The Michael Anderson Centennial

Born 100 years ago today, the intriguing international film director Michael Anderson (1920-2018). I say “international” because though born and raised in Britain, and having worked there the most, he also had American roots and worked in Hollywood as well, and he also made films in Canada, New Zealand and elsewhere. He’s not to be confused with Little Person actor Michael J. Anderson of Twin Peaks.

This Michael Anderson’s ouvre is almost as outre as the others. His best known movies were in the science fiction and horror genres, or close to them, and included the original screen version of Orwell’s 1984 (1956), the multiple Oscar winning Around the World in 80 Days (1956), the Hitchcockian The Naked Edge (1961), Doc Savage: The Man of Bronze (1975), Logan’s Run (1976), Orca (1977), Nessie (1977, not completed), Dominique (1979), the tv mini-series The Martian Chronicles (1980), Murder By Phone (1982), Millennium (1989), and a tv movie version of 20,000 Leagues Under the Sea (1997). He also took over direction of The Wreck of the Mary Deare (1959), from Hitchcock, although that film, while spooky, defies genre. The only reason he seldom is considered one of the auteurs of the genre is that he worked so often outside of it. His best known of these other films is the melodrama All the Fine Young Cannibals (1960) with Natalie Wood and Robert Wagner. His other films include spy thrillers, comedies, and even a couple of erotic films. After 43 films in the director’s chair, culminating with the The New Adventures of Pinocchio starring Martin Landau, he retired in 1999.

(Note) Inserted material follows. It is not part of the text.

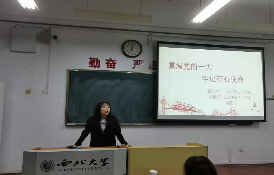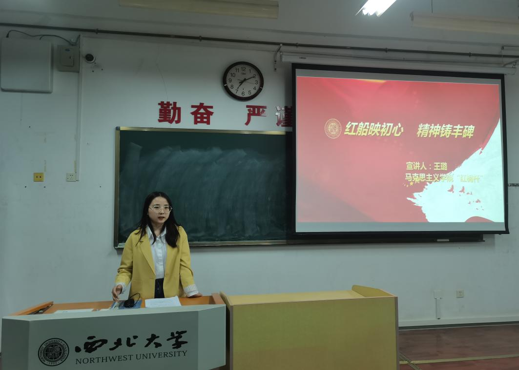 文化遗产学院团委书记雷茂林对“红桅杆”思政理论学习社团做了简要介绍,并向同学们强调了学习四史的重要性。随后三位主讲人依次进行宣讲。高嘉琪以《重温党的一大 牢记初心使命》为题,生动地从中国共产党的诞生历程、建党精神以及当代青年的使命担当等方面进行了阐述;王璐以《红船映初心 精神铸丰碑》为题,从红船寄托着一份信念、红船传承着一种精神、红船绽放着时代光芒三个方面讲阐述了红船精神;曹会会以《弘扬延安精神,争做时代新青年》为题,从延安精神的产生、延安精神的内涵、新时代如何弘扬延安精神三个方面进行讲解,加深了同学们对延安精神的了解。

The director’s great-aunt was the 19th century American stage actress Mary Anderson (1859-1940), who eventually settled in the U.K. Both of Michael’s parents were actors, and he himself went into the family business. You can see him as an actor in Noel Coward’s 1942 propaganda film In Which We Serve. Anderson himself served in the war, returning to work in the British film industry as an assistant director, serving a kind of apprenticeship with Peter Ustinov. The men co-wrote and co-directed Private Angelo (1949), and that was how Anderson pivoted to directing.

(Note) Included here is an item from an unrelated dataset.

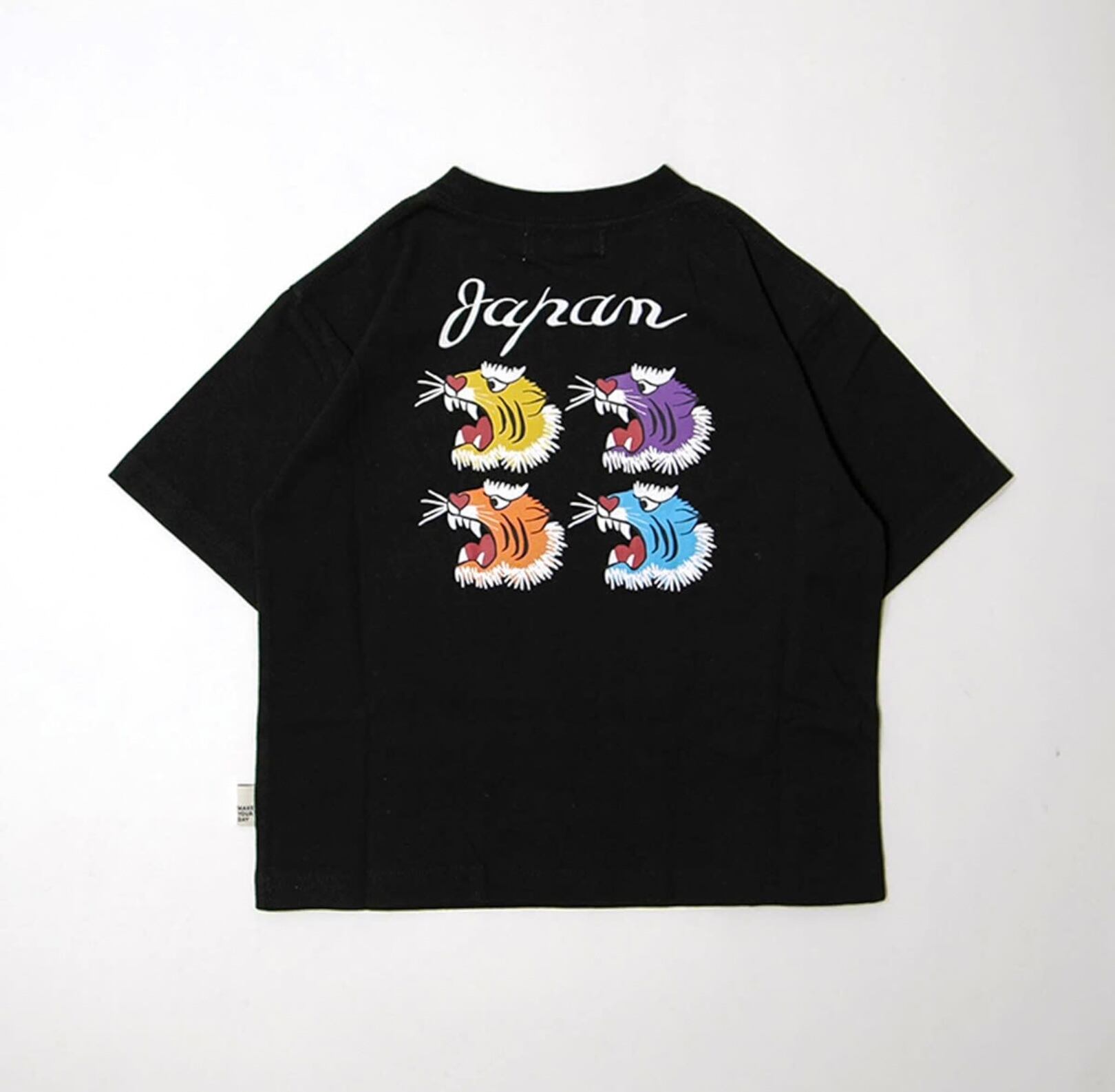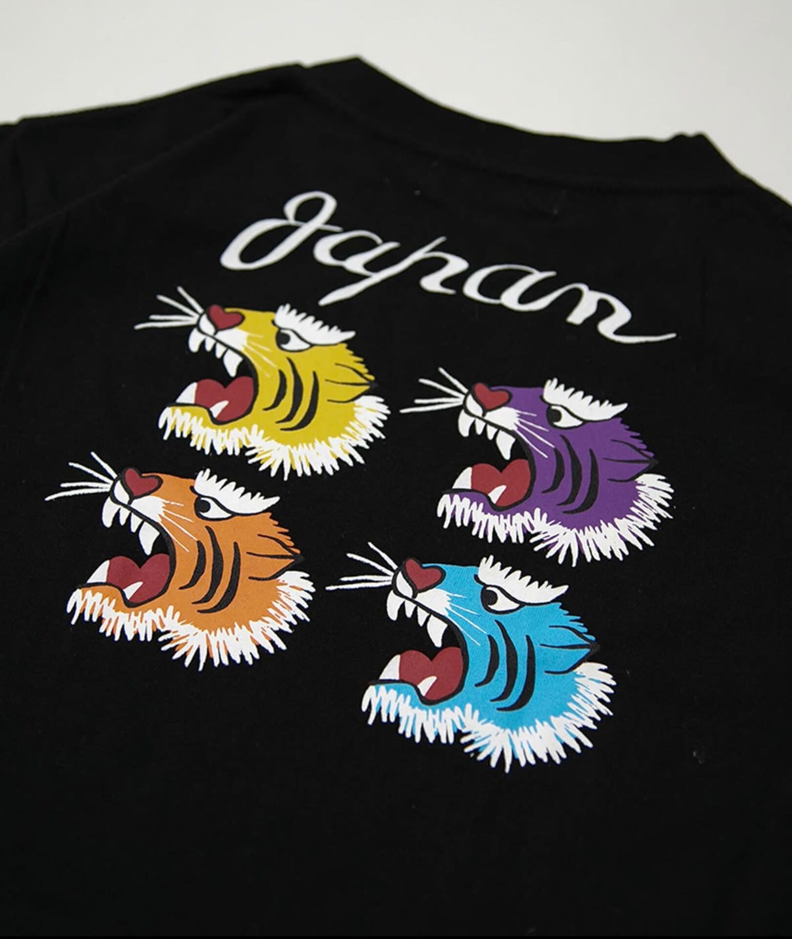カラフルな4匹のトラが背中にプリントされたTシャツ。

His son Michael Anderson Jr (b. 1943) is an actor, who has appeared in such films as The Sons of Katie Elder (1965), The Greatest Story Ever Told (1965), and Logan’s Run (1976). His stepdaughter Laurie Holden (b. 1969) was a regular on The X Files, The Walking Dead, and The Americans, and has been in films like The Majestic (2001), Silent Hill (2006), The Mist (2007) and Dumb and Dumber To (2014).

Michael Anderson was 98 years old at the time of his death.